▶ **Requirement**: Needed from the entries below: every line that holds the word "shorts".
+++ Dataset extract +++
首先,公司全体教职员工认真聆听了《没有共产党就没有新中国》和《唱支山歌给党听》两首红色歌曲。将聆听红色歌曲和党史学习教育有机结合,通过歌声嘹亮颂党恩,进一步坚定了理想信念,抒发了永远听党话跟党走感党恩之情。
+++
+++ Dataset extract +++
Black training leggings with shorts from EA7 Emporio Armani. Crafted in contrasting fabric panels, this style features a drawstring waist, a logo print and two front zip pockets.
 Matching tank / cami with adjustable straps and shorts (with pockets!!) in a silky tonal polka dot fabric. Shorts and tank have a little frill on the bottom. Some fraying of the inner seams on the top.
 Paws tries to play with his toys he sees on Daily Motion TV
+++
+++ Dataset extract +++
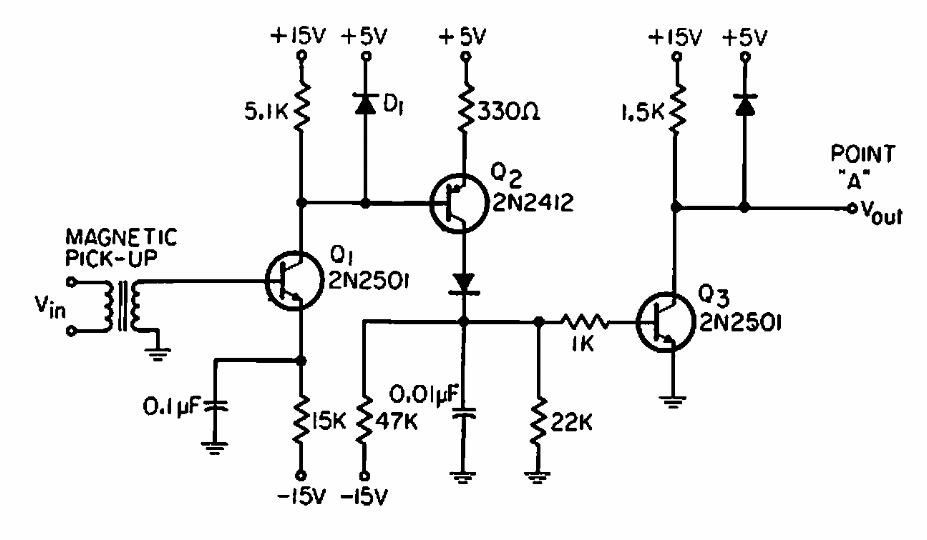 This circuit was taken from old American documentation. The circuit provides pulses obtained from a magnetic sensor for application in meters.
+++
▶ **Written reply**:
Black training leggings with shorts from EA7 Emporio Armani. Crafted in contrasting fabric panels, this style features a drawstring waist, a logo print and two front zip pockets.
 Matching tank / cami with adjustable straps and shorts (with pockets!!) in a silky tonal polka dot fabric. Shorts and tank have a little frill on the bottom. Some fraying of the inner seams on the top.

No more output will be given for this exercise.